Classification = Predicting categories.

1️⃣ What is Classification?

Classification predicts discrete labels.

Examples:

Spam / Not Spam
Pass / Fail
Yes / No
Cat / Dog

Unlike regression:

Regression → continuous output
Classification → categorical output

2️⃣ Types of Classification

🔹 Binary Classification

Two classes:

0 or 1
Yes or No

🔹 Multi-class Classification

More than two classes:

Grade A, B, C
Type 1, 2, 3

Now we move to algorithms in your syllabus.
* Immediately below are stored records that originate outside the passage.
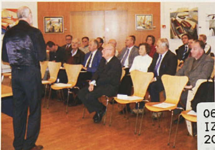
Poslušalci so vidno vznemirjeni spremljali grozljive napovedi.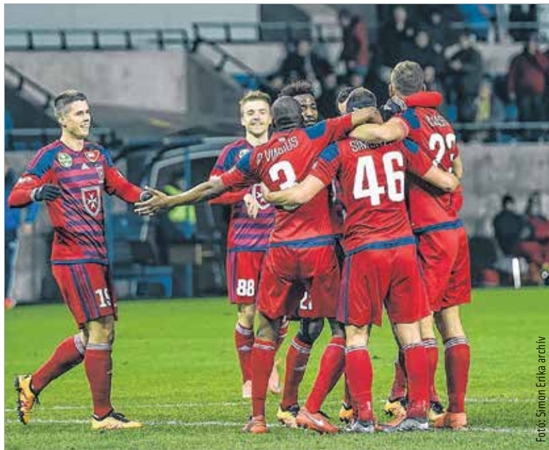
A Videoton játékosai a legutóbbi három meccsükön mindössze kétszer mutathattak be gólörömet. A Honvéd idegenbeli legyőzéséhez szükség lesz a találatokra!

A Videoton FC a hétvégén fontos lépést tehet az érmes pozíciók felé vezető úton: a Honvéd legyőzésével egyik közvetlen vetélytársát rázhatja le Horváth Ferenc alakulata. A válogatott mérkőzése miatt szünet mindkét fél számára lehetőséget adott a sorok rendezésére. Nagy kérdés, melyik alakulatnál töltötték hasznosabban a felszabaduló napokat. A Honvéd legutóbbi két meccsét megnyerte, a Vidi viszont három forduló óta nyeretlen, így a találkozó esélyesének inkább a hazaiak számítanak.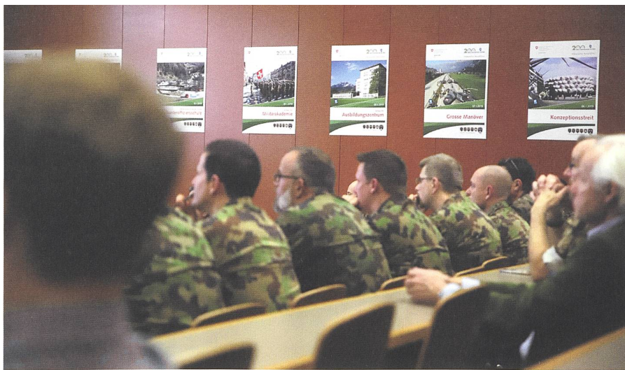
Traditionsanlass HKA 2019: Abschluss der historischen Reise durch 200 Jahre ZS/HKA. Reiseführerkapitel an der Wand.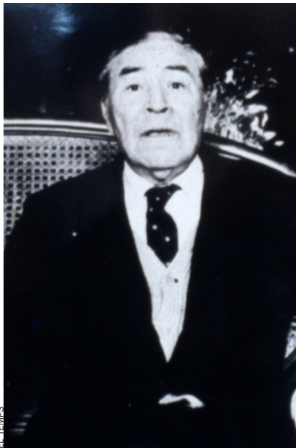
Josep Pla va debatre les idees de Charles Maurras, com una gran part dels més destacats escriptors catalans.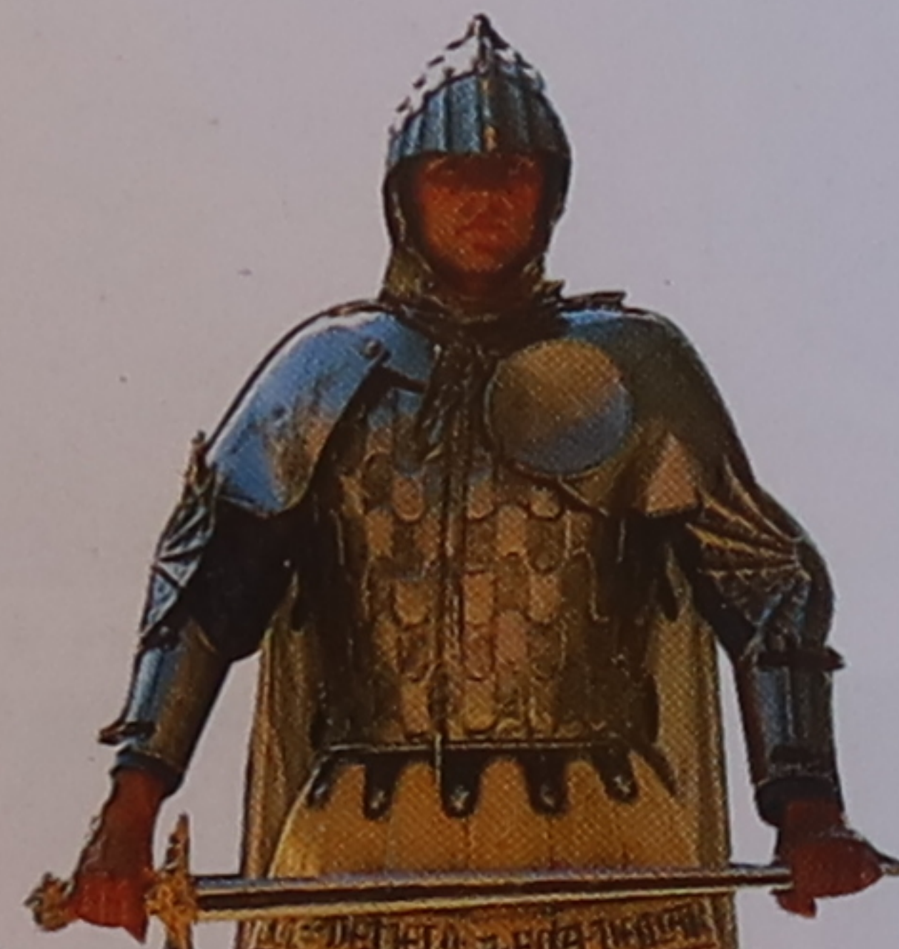
Chevalier du Moyen Âge Les costumes traditionnels portés dans le défilé sont confectionnés avec art.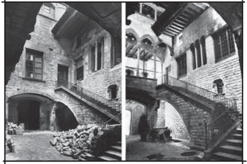
Palau Berenguer d'Aguilar al carrer Montcada

Un altre exemple d'intervenció arquitectònica es troba al carrer de Montcada, essent el Palau Berenguer de Aguilar (actual museu Picasso) una mostra de la voluntat de crear una imatge de Barcelona monumental i amb prestigi

3️⃣ K-Nearest Neighbors (KNN)

One of the simplest algorithms.

Core Idea:

To classify a new data point:

Look at K nearest data points
Take majority vote

How KNN Works

Choose K (e.g., 3 or 5)
Calculate distance (usually Euclidean)
Pick nearest K points
Majority class wins

Euclidean Distance Formula

d = √((x₁ - x₂)² + (y₁ - y₂)²)

Important:

Small K → high variance
Large K → high bias

4️⃣ Naive Bayes

Based on Bayes Theorem.

P(A|B) = P(B|A)P(A) / P(B)

Used heavily in:

Spam filtering
Text classification

Why "Naive"?

Because it assumes features are independent.

Which is rarely true in real life.

But works surprisingly well.

5️⃣ Decision Tree

One of the most intuitive models.

It splits data based on conditions.

Example:

If age > 25 → then check salary → then classify

How It Decides Splits

Uses:

Gini Index
Entropy
Information Gain

Problem:

Decision trees can overfit easily.

6️⃣ Support Vector Machine (SVM)

One of the most powerful classifiers.

Core idea:

Find a hyperplane that separates classes with maximum margin.

Key Idea:

Not just separating line,
But the line with maximum distance from closest points.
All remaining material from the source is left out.